After 170,000 years this pulse of neutrinos is spread out over the surface of a sphere
170,000 light-years in radius.... big enough to encompass our whole galaxy.

Spreading out the 10^57 neutrinos over the surface of this huge sphere gives 10^13 neutrinos
per square meter. All of the neutrinos are contained in a thin shell on the surface. The shell is only
a few light-seconds thick (about the distance from here to the moon).

Of the 10^16 neutrinos that went through the IMB tank only 8 interacted with enough energy
to be detected.... all near the lower limit of our energy threshold.
The normal rate of events from atmospheric neutrinos at these low energies was only about one
per week, so seeing 8 in a few seconds meant something truly unique had happened.


Pictures of one of the events in the IMB detector are shown below.

To see pictures of all eight of the events click here



This shows the pattern of PMT hits on the back (northeast corner). A 30 MeV neutrino interacted with a proton in the water, producing a 28 MeV positron which caused the PMT's to light up. (The blue and purple PMT hits are random noise.)

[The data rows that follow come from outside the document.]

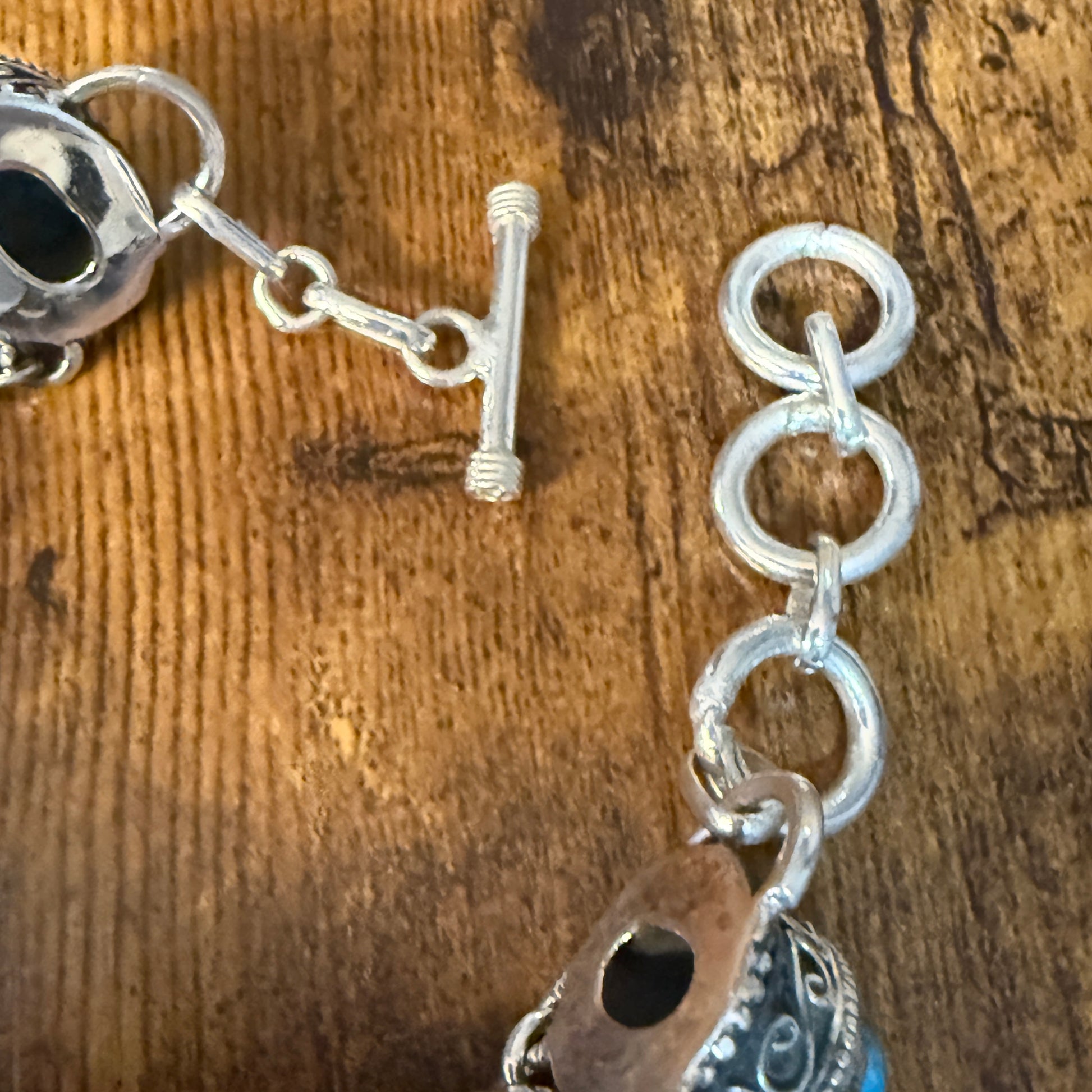 - Blue Copper Turquoise Dalhia gemstone centerpiece set in polished sterling silver links for a bold, artisanal look.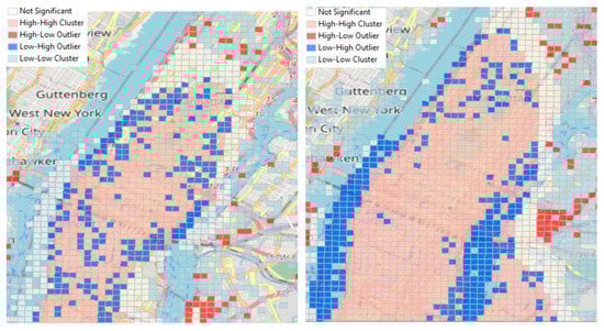 Figure 6 depicts the cluster analysis based on Moran’s I Anselin local analysis. The left image depicts our approach, in which only the tourism photographers are clustered, while the right image depicts all photo clusters exist in the area. The left image presents a clear distinction among different neighboring cells having varying values, making it easy to identify more popular locations in the area that are highly clustered—High-Low outliers (hot-spots). It is also easy to identify less popular locations that are tagged as Low-High outliers (cold-spots). Unalike, the right image is much more homogenous, showing relatively similar cluster values for neighboring cells represented by High–High clusters, distributed uniformly in the central area of Manhattan, which makes it hard to identify the more popular locations. This proves that using tourism photographers, instead of photos, helps in revealing the popularity and attractiveness of different areas that are derived from tourism photographers’ activities and patterns.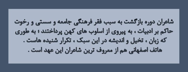 در نتیجه ؛ شعر را به دوران گذشته بازگرداندند و موجب پیدایش (( سبک بازگشت )) شدند .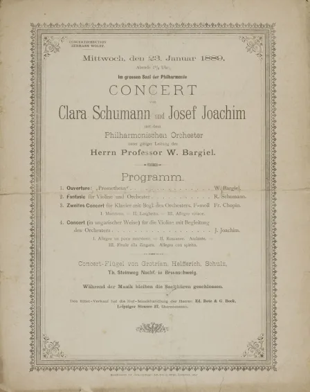 They contain a wealth of information: when, where, what, and with whom Clara Schumann performed on a particular occasion. One of the archives I visited for this project, the Robert Schumann Haus in Zwickau, has the complete run of her concert programs. That means that we can watch as she selects and discards repertoire over the years or decades, which was an important way in which she shaped her own public image. We can essentially follow her on tour, observing how she adapted to local musical economies and won over local audiences. And, we can watch her build networks of fellow performers and musical entrepreneurs.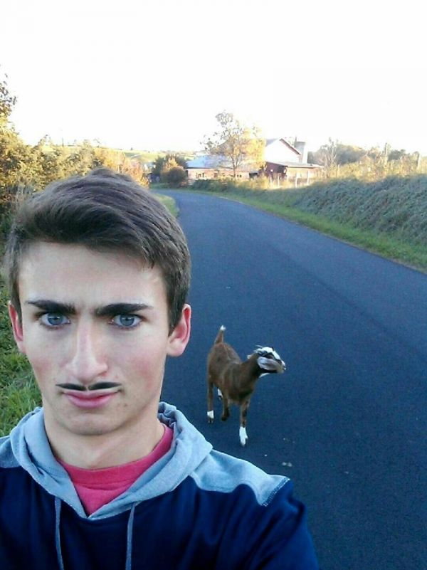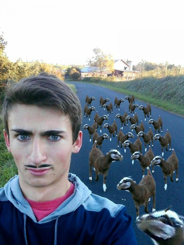 Redditors naturally went a bit Photoshop crazy with the lad's selfie, and after moving the brows around a bit and messing with the local goat population numbers the selfie 'shopping reached this inevitable conclusion: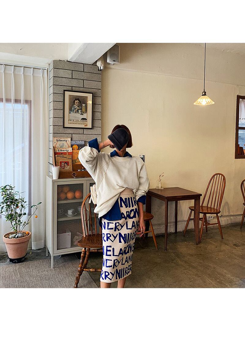 ホワイトのブルーが映えるアルファベットプリントのスカート。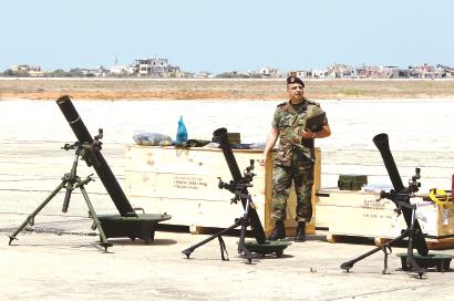 在贝鲁特国际机场,一名士兵从美国援助武器的旁边经过。新华社发(资料照片)

In this view the long purple line is the known neutrino direction coming from the Large Magellenic Cloud. The short purple line going right is the positron direction and the yellow squares show where its Cherenkov cone hit the north and east walls.

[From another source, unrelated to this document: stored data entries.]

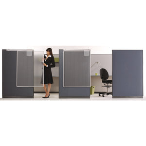 Highly durable, ultra-lightweight 36" x 48" partial-length sliding screen transforms cubicle workspaces into interruption-free work zones. Shatterproof, translucent polycarbonate screen slides open and closed, lets in natural light and allows you to see outside your cubicle. Versatile top-mounting system allows quick and easy installation on inside or outside of cubicle panels measuring 1Ľ" to 3Ľ" in thickness. Contemporary, translucent plastic panels and brushed aluminum frame complement any modular office environment. Leave notes for coworkers or post special information on whiteboard message board with built-in marker tray and nameplate. Fits cubicle walls between 50" and 70".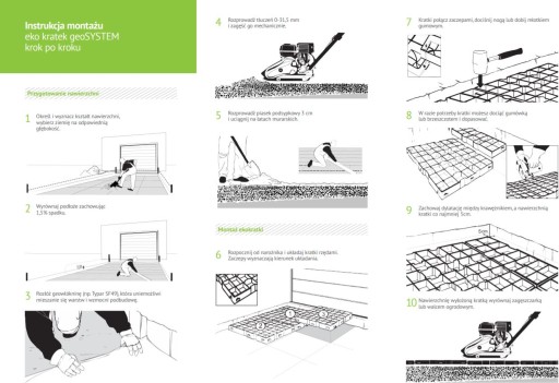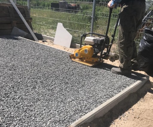 - Wypełnione kratki można ponownie zawibrować zagęszczarką z nakładką gumową, dzięki czemu kruszywo równomiernie się rozłoży.
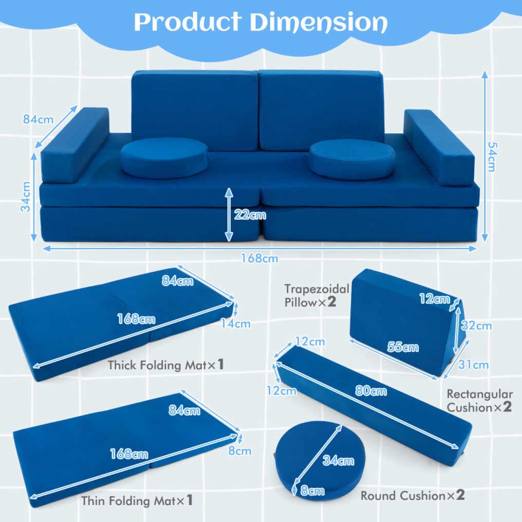 ● 10 Piece Modular Kids Sofa: Consisting of 2 trapezoidal pillows, 2 rounded cushions, 2 rectangular cushions, a thick folding mat and a thin folding mat, this 10-piece children's toy set can be easily reconfigured into a sofa, a tunnel, a fort, a car, a tent, a slide, a bed lounge or anything that your kids can imagine.

When one considers that this pulse of neutrinos had been racing towards us at the speed of light
for 170,000 years and that we were ready for it only a few months ahead of time.....
it has to be called luck of the purest form.
But then, as they say, timing is everything.

Another 11 events, similar to those in IMB, were detected deep underground
in Japan's Kamiokande detector at the same time.

These two experiments were the first to see neutrinos from a supernova.
Hopefully they wont be the last, but it could well be another hundred years before one
explodes close enough to be recorded in neutrinos.

These events gave a remarkable confirmation of theoretical models of the physics of supernovae.
They also allowed unique measurements of the mass, lifetime, and velocity of neutrinos.


Meanwhile, the pulse of neutrinos from Sanduleak continues, at the speed of light,
on its merry way through our Milky Way galaxy....
perhaps tripping off other detectors being watched by other civilizations.

In another 100,000 years it will have passed all of the 10 billion suns in our galaxy
( with their 10 billion "earths" ?)
and become too weak to be seen in some other faraway galaxy.



Below is the title page of the announcement of SN1987a



More details can be found in Physical Review D37 3361(1988)

For more pictures click here

and search for "Vander Velde"

Not since the year 1604 had astronomers observed a supernova this close to earth. That one probably gave inspiration to Galileo to develop the telescope, which he did, four years later.

No wonder, then, that SN1987a made the cover of Time Magazine on March 23, 1987.



This event has given us a wealth of information about the physics of supernova explosions.




The expanding shell, now over one light-year in diameter, is still being carefully studied. It's shown at right in January, 2000. The colors represent X-ray intensity as seen by the Chandra satellite. The white lines are contours of visible light as seen by the Hubble telescope.